**Stored entries:**
§ §

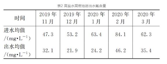 從實際運行數(shù)據(jù)可以看出,僅管氣化廢水水質(zhì)波動較大,但COD和氨氮處理效果相對較好,處理后出水氨氮最低可小于1mg/L。實際來水CN-和F-高于設計值,硬度低于設計值,這3個指標的變化均與煤種和配煤方案有較大的關系。CN-的生成與氣化溫度有關,中安氣化爐為粉煤氣化屬于高溫氣化工藝,氣化溫度>1 500℃,碳和氮在高溫下易發(fā)生反應,生成CN-。氣化污水CN-雖高于設計值,但小于10mg/L,如在進生化前采用氧化破氰預處理,氧化劑投加后不一定作用于氰根離子,大概率會與有機污染物反應?紤]到氰根離子未超過10mg/L,項目組采用提高生化系統(tǒng)氰根耐受性的方式處理氰根,通過逐步提高生化池進水CN-,適當加大生化池污泥回流量和硝化液回流量的方法馴化污泥,逐步提高系統(tǒng)對CN-的耐受性,經(jīng)過近3個月的馴化,二沉池出水CN-可穩(wěn)定小于0.5mg/L。氣化廢水中的F-主要與煤里氟的含量有關,由于運行煤種的變化造成F-來水超標,F(xiàn)-對蒸發(fā)結(jié)晶系統(tǒng)中的鈦材有一定的腐蝕性,考慮到中安廢水處理流程中并未設置單獨除F-設施,且由于現(xiàn)場占地緊張,無法新增除氟設施,只能利用現(xiàn)有除硬、除硅設施同步除氟。除氟、除硬、除硅的協(xié)同處理首先通過兩家研究單位實驗室研究反應機理,再通過現(xiàn)場調(diào)整操作運行解決。除氟、除硬、除硅最適宜的反應條件及pH均不同,通過實驗室和現(xiàn)場測定,適當調(diào)整反應pH、加藥量對除氟有一定的協(xié)同去除效應。現(xiàn)場根據(jù)研究結(jié)論摸索、調(diào)整運行操作,利用現(xiàn)有高鹽水除硬、除硅設施可同步達到30%~50%的除氟效率。系統(tǒng)中氟離子未完全去除,各段出水常年保有一定的氟離子含量,項目運行近2年來,后續(xù)蒸發(fā)結(jié)晶系統(tǒng)材料并未出現(xiàn)大面積腐蝕,在整個近零排放系統(tǒng)中F-的腐蝕性可控,見表2。
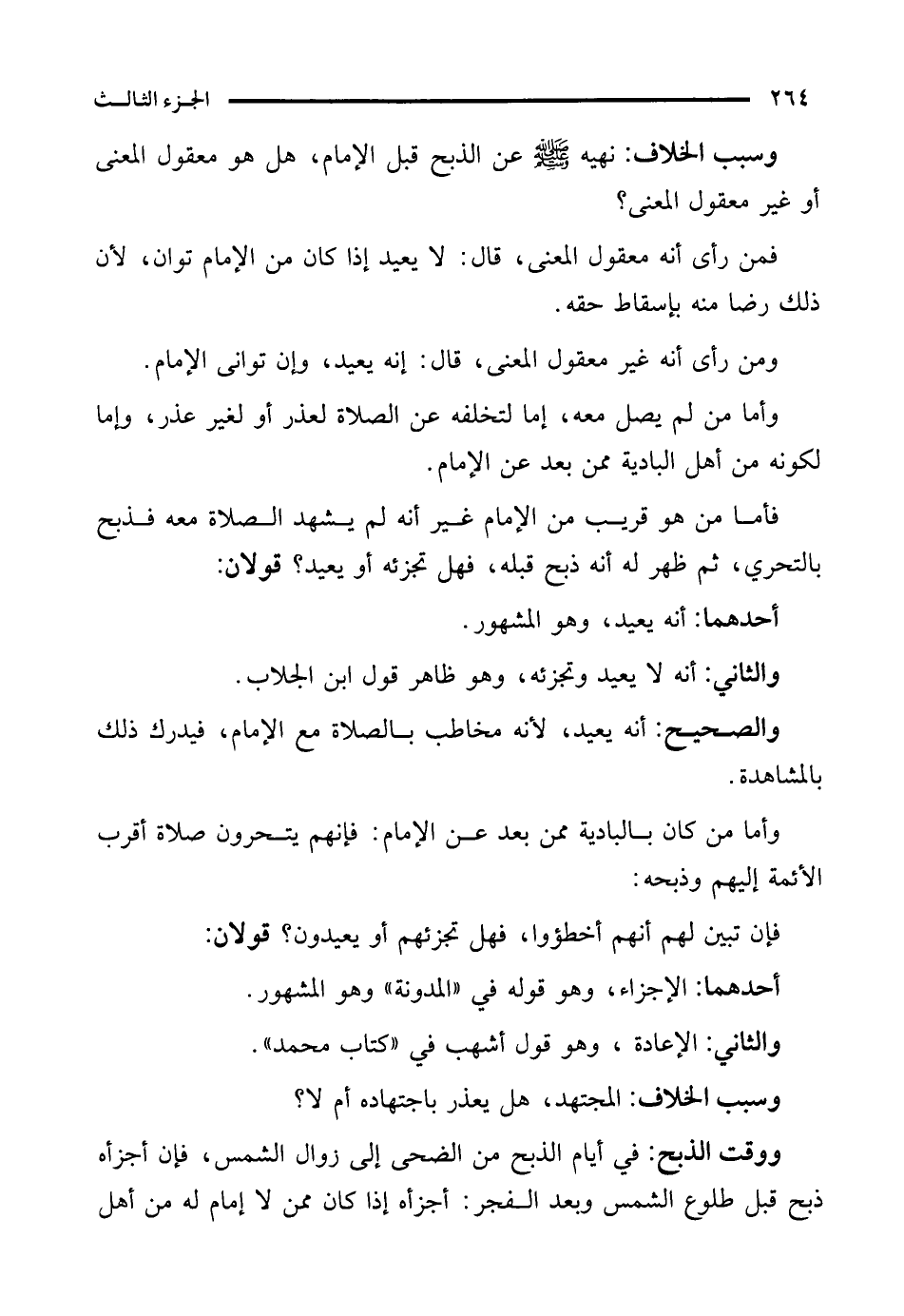 وسبب الخلاف: نهيه - صلى الله عليه وسلم - عن الذبح قبل الإمام، هل هو معقول المعنى أو غير معقول المعنى؟
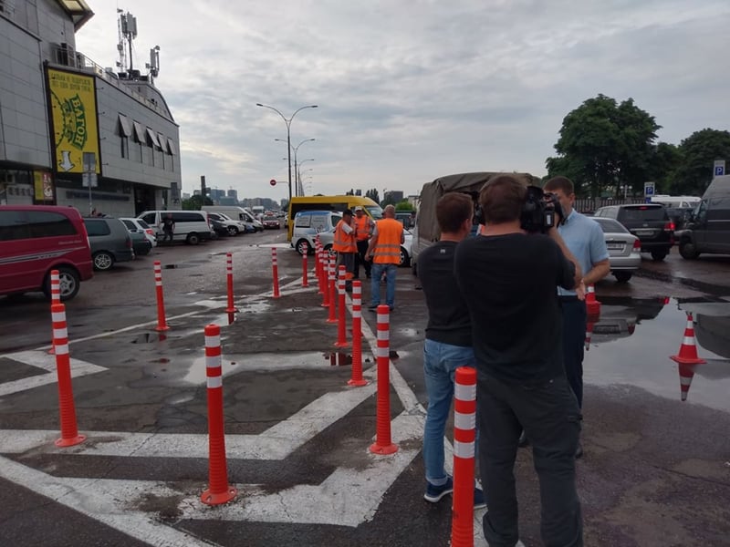 Зазначимо, спеціалісти КП «Центр організації дорожнього руху» встановили дорожні віхи на низці локацій у місті з метою унеможливлення паркування. Зокрема, на площах Бессарабській, Перемоги, Льва Толстого, Поштовій було відокремлено напрямні острівці, на вулицях Покровській та Хорива – для забезпечення руху транспорту по двом смугам, а біля різноманітних установ – Генеральної прокуратури, Національного експоцентру, палацу «Україна» та інших – для забезпечення безперешкодного роз’їзду зустрічного транспорту.
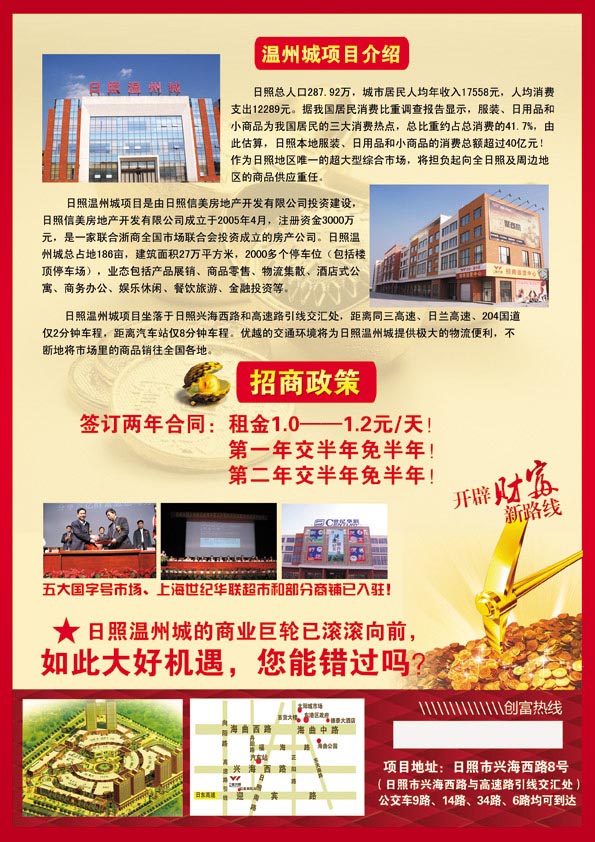 日照·温州城的商业巨轮已滚滚向前,如此大好机会,您能错过吗? 日照•温州城是山东省日照市政府招商引资,由浙江温商投资,日照信美房地产开发有限公司开发建设,2009年重点推出的大型综合物业项目,位于日照市兴海路与高速路入口引线交汇处,雄踞西北,东南望海,占地186亩,是集休闲娱乐、旅游购物、办公研发、展销交易、物流批发及酒店式公寓为一体的综合型豪布斯卡式国际小商品城。
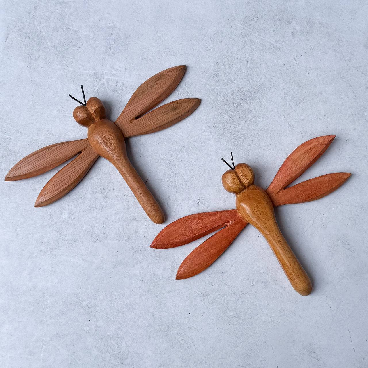 Traga um toque natural e delicado aos seus ambientes com essa linda dupla de libélulas decorativas em madeira, perfeitas para pendurar em paredes, portas ou varandas.
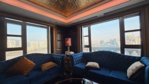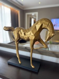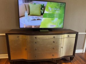 An elongated glass-top table, ornate with horse artworks, formed a separation between the two seating areas. The second seating area is placed to face the entrance to the bedroom. Decked with another three-seater sofa as a centrepiece and two single-seat armchairs, this seating area seems to suggest its dedication to being an entertainment area. The second sofa area is placed to face the” 55” flatscreen TV placed on a gold-painted wooden TV console, meant for occupants of the suite to enjoy entertainment from the numerous local and international channels on the TV screen. Apart from serving as a placeholder for the TV, I found the TV console to be very functional, with ample storage space for us to put away our shopping. The entire living room is tastefully designed, featuring a good blend of earthy elements and a luxurious vibe.
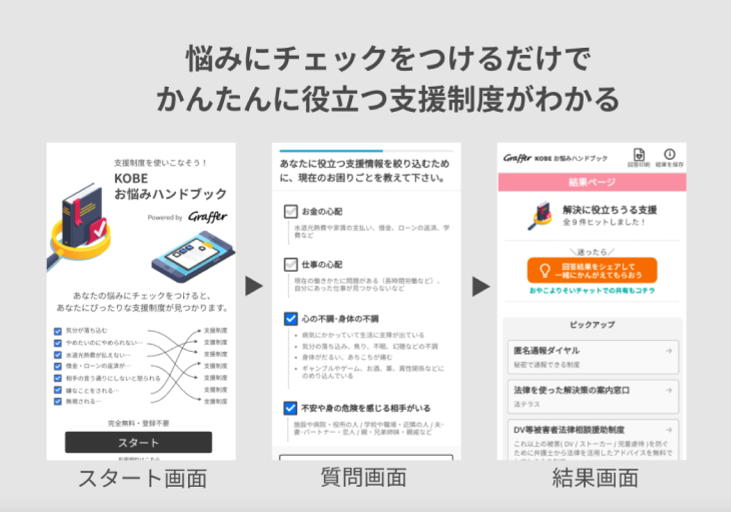 グラファーが運営する「お悩みハンドブック」は、悩みにチェックを付けていくだけで簡単に役立つ支援制度がわかるサービスです。今回は、神戸市在住の子育て世帯の方向けに「KOBE お悩みハンドブック」を共同開発し、それを活用したデジタルソーシャルワークを「おやこよりそいチャット」上で提供します。

§ §

**ASSIGNED TASK:** The lines above from the line with "Traga um toque" through the line with "An elongated glass-top" are to be given again word for word, with no pictures among them.

**TASK RESPONSE:**
 Traga um toque natural e delicado aos seus ambientes com essa linda dupla de libélulas decorativas em madeira, perfeitas para pendurar em paredes, portas ou varandas.
 An elongated glass-top table, ornate with horse artworks, formed a separation between the two seating areas. The second seating area is placed to face the entrance to the bedroom. Decked with another three-seater sofa as a centrepiece and two single-seat armchairs, this seating area seems to suggest its dedication to being an entertainment area. The second sofa area is placed to face the” 55” flatscreen TV placed on a gold-painted wooden TV console, meant for occupants of the suite to enjoy entertainment from the numerous local and international channels on the TV screen. Apart from serving as a placeholder for the TV, I found the TV console to be very functional, with ample storage space for us to put away our shopping. The entire living room is tastefully designed, featuring a good blend of earthy elements and a luxurious vibe.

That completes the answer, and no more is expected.